(Another resend.)

Please see below under the first comment.

On 07/01/2011 4:07 PM, Lee, Yiu wrote:
Hi Tom,

Sorry for the late reply. See inline:

On 12/20/10 9:39 PM, "Tom Taylor"<[email protected]>  wrote:

[PTT] One possibility is that the initial prefix potentially varies per
customer (e.g., depending on service class) and is available from AAA.
However, the set of possible initial prefixes has to be limited so the
BR can recognize that it can extract a Gateway Identifier (i.e., tunnel
identifier, see next response) from a given incoming packet.

If I read it right, the customer's prefix needs not to be embedded in the
6rd prefix. Then, how you foresee the AAA and BR exchange the customer's
prefix? In particular, this will require the AAA server to let the BR to
inject an IPv6 route per customer.
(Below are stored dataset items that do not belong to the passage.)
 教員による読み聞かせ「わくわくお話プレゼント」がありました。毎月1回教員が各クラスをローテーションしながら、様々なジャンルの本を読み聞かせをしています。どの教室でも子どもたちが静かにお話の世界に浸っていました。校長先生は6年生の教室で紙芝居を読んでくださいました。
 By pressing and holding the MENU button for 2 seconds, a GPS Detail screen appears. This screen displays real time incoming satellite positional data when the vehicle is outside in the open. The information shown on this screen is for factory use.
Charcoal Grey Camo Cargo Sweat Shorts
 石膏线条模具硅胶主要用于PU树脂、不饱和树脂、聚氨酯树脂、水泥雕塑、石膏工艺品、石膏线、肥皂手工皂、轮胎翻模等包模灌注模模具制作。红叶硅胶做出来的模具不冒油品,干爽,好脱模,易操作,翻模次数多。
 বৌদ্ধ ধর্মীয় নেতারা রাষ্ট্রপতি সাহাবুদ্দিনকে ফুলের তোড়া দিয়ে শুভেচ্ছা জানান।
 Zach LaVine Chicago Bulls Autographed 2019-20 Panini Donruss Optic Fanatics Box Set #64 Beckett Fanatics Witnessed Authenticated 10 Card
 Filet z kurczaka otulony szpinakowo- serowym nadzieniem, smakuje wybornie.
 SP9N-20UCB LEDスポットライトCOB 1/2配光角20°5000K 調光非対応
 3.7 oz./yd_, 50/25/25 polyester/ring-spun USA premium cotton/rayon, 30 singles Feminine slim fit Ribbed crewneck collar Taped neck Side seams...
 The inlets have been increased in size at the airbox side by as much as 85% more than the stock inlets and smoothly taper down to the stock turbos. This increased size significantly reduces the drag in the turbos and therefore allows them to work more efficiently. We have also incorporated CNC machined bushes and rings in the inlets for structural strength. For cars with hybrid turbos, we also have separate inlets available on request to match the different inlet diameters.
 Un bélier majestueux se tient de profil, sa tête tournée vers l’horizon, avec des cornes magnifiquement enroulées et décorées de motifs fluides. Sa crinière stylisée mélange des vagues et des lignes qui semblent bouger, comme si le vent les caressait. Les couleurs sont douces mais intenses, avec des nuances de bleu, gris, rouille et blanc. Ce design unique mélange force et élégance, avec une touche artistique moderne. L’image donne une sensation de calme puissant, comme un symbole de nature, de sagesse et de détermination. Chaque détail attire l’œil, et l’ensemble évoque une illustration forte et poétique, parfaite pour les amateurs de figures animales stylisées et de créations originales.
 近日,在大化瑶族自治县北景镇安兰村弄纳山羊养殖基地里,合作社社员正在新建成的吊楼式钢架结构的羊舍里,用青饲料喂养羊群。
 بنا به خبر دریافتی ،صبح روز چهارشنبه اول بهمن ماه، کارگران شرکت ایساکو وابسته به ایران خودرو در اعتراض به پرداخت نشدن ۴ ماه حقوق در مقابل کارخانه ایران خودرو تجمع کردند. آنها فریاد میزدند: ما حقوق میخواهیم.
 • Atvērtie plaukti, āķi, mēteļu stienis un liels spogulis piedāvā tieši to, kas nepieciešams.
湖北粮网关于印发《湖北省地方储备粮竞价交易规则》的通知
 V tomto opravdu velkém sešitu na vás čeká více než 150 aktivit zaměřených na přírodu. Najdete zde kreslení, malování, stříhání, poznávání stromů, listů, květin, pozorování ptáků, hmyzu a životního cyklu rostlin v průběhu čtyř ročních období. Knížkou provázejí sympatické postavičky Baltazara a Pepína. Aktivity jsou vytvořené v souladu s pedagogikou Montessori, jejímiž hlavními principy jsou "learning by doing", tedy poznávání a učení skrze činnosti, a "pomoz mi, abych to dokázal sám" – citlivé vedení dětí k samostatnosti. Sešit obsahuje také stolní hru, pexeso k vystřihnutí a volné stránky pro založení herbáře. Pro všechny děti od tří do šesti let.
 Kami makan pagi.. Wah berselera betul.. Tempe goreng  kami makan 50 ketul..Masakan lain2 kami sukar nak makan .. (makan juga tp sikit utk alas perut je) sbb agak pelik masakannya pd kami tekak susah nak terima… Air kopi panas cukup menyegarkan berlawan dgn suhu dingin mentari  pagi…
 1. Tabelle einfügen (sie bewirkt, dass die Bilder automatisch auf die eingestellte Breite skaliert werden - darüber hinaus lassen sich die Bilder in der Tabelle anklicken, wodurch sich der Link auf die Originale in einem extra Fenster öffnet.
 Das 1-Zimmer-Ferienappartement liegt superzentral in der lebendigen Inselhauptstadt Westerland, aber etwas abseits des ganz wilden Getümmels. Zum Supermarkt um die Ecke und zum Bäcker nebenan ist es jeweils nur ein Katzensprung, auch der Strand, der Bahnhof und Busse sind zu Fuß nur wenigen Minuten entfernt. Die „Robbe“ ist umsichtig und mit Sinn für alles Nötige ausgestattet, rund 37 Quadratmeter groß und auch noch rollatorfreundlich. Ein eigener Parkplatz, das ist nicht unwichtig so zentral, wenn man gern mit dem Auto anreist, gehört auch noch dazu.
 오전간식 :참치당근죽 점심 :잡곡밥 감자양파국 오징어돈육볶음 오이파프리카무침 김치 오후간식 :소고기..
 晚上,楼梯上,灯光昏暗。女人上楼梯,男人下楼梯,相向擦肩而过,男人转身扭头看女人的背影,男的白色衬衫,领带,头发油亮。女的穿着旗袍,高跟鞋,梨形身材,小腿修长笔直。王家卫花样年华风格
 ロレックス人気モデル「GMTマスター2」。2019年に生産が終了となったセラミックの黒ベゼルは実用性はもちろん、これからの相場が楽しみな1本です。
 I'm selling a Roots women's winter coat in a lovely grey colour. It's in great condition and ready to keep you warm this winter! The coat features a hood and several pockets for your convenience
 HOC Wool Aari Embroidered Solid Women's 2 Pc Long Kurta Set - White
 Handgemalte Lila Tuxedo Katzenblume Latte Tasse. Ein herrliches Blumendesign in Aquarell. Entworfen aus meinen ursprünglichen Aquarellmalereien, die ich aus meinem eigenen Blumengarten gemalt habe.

This will also require the AAA server
to remember which BR the 6rd-GW must use.

[PTT] Misunderstanding here. The initial prefix I'm talking about is most definitely embedded in the full 6rd prefix.

[PTT] If the tunnel is IPv6 in IPv4, the GW identifier is the compressed
IPv4 address of the GW, as in RFC 5969. For other types of tunnel, I
expect (but haven't worked it out in detail) that the identifier would
be some sort of tunnel identifier. The catch would be to have an
identifier that is common to both the GW and BR ends and fits in the
bits available.

Got it. Depending the size of the deployment and the 6rd prefix
compression ratio, an ISP may require to deploy few 6rd domains.